The early examples of art and jewelry shed new light on ice age human culture and symbolism, the study says. The artifacts also suggest that the spiritual beliefs of modern humans may have transformed as they came across new forms of animal life on the journey from Asia to Australia, researchers say.
“Sulawesi, in particular, is renowned ... for its extremely high rate of species ‘endemism’ — essentially all of the island’s land mammals, except for bats, occur nowhere else on Earth,” said study lead author Adam Brumm, an archaeologist at Griffith University in Brisbane, Australia.
“This may indicate that the conceptual world of these people changed to incorporate exotic animals,” Brumm said.

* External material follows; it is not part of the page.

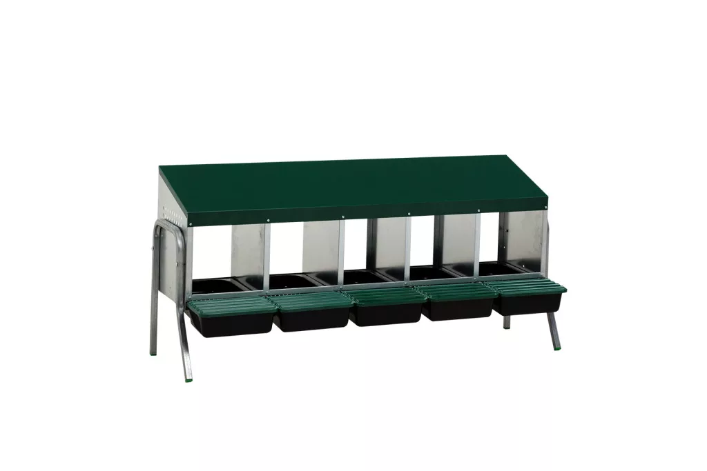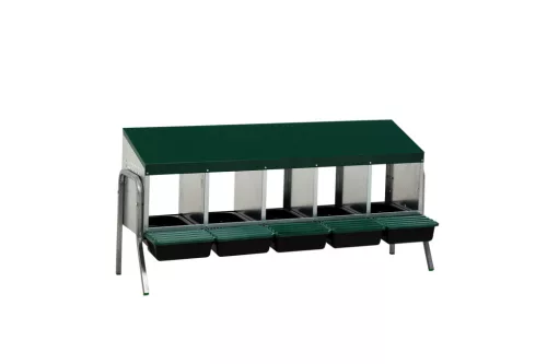 Praktické, 5-miestne hniezdo pre nosnice s plastovým dnom a nohami pre malé a stredne veľké chovy sliepok. Konštrukcia z pozinkovaného kovu je odolná a ľahko sa čistí. Vysúvateľné plastové dno uľahčuje zber vajec aj údržbu. Vyvýšené prevedenie zaručuje pohodlný prístup a lepšiu hygienu v kurníku.

The archaeologists also found evidence of rock art production at the site, including discarded ochre pieces and ochre stains on tools.
The find comes after the discovery in 2014 of 40,000-year-old cave art on Sulawesi, which contains some of the world’s oldest known art.
“Scientists have long been curious about the cultural lives of the first Homo sapiens to inhabit the lands to the immediate north of Australia sometime prior to 50,000 years ago — part of the great movement of our species out of Africa,” Brumm said.
The study appeared Monday in the journal Proceedings of the National Academy of Sciences.